Frequently Asked Questions
What is the suicide rate for construction workers compared to other industries?
Construction workers die by suicide at a rate of 53.3 per 100,000, which is approximately four times the national average of 13.5 per 100,000 and the highest rate of any major occupational group. By comparison, the rate for manufacturing workers is approximately 28 per 100,000, for law enforcement approximately 26 per 100,000, and for healthcare workers approximately 18 per 100,000. The construction suicide rate has increased 18% since 2019.
What is the 988 Suicide and Crisis Lifeline and how do construction workers access it?
The 988 Suicide and Crisis Lifeline is a free, confidential service available 24 hours a day, 7 days a week, by calling or texting 988. It is staffed by trained counselors who can provide immediate support and referrals. Construction workers can access it by calling 988, texting 988, or chatting at 988lifeline.org. The service is available in English and Spanish. For construction-specific resources, the Construction Industry Alliance for Suicide Prevention (CIASP) provides additional tools and referrals at preventconstructionsuicide.com.
What is QPR training and why is it recommended for construction supervisors?
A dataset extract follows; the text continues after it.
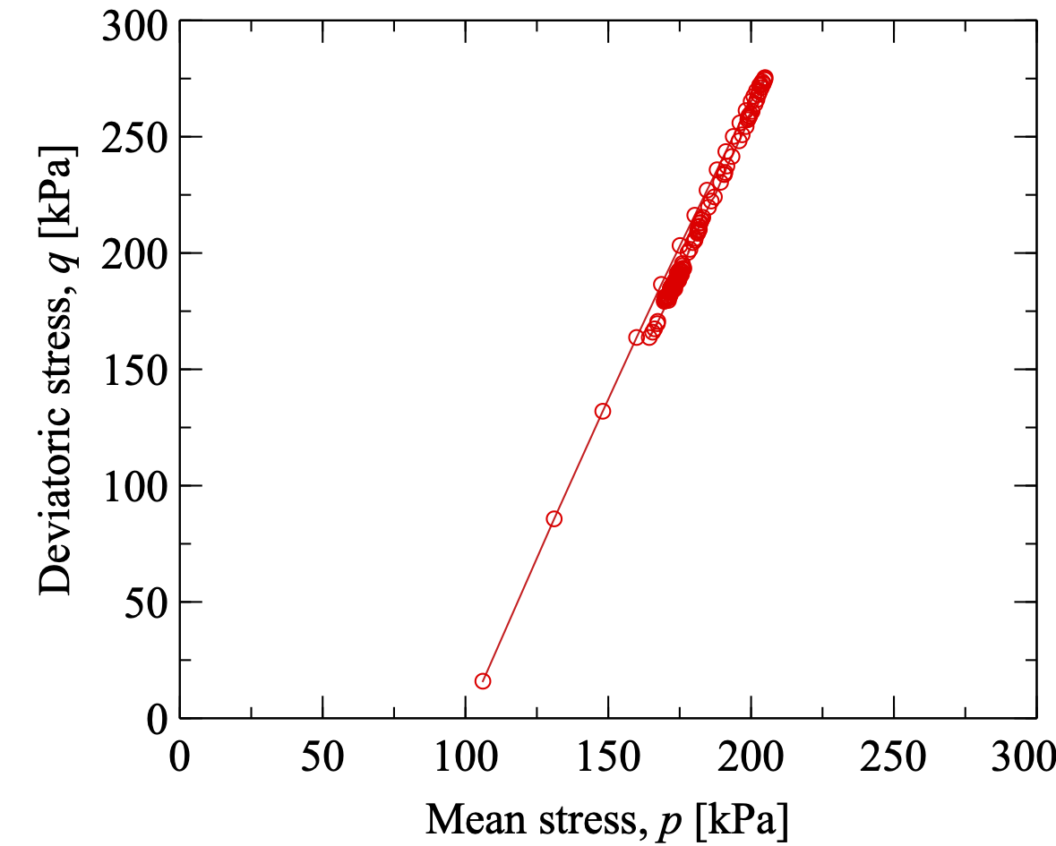 进而我们可以绘制出三轴剪切过程的应力-应变曲线以及应力路径曲线,如 图 8.9 和 图 8.10 。

QPR stands for Question, Persuade, Refer. It is a 90-minute evidence-based gatekeeper training program that teaches three skills: how to ask someone directly if they are considering suicide (Question), how to encourage them to seek help (Persuade), and how to connect them with professional resources (Refer). It is recommended for construction supervisors because they have daily contact with workers and are best positioned to notice behavioral changes that may indicate crisis. Multiple building trades unions have endorsed QPR training, and the CIASP offers construction-adapted versions of the curriculum.
How can construction companies reduce suicide risk among their workers?
The most effective approach combines multiple strategies: training supervisors in gatekeeper programs like QPR, making Employee Assistance Programs accessible and well-publicized, addressing chronic pain through non-opioid alternatives, implementing peer support programs staffed by trained construction workers, normalizing mental health conversations in toolbox talks and safety meetings, and planning targeted outreach during high-risk periods such as layoffs, seasonal slowdowns, and after workplace injuries. Companies should establish written mental health policies and partner with organizations like CIASP for resources and guidance.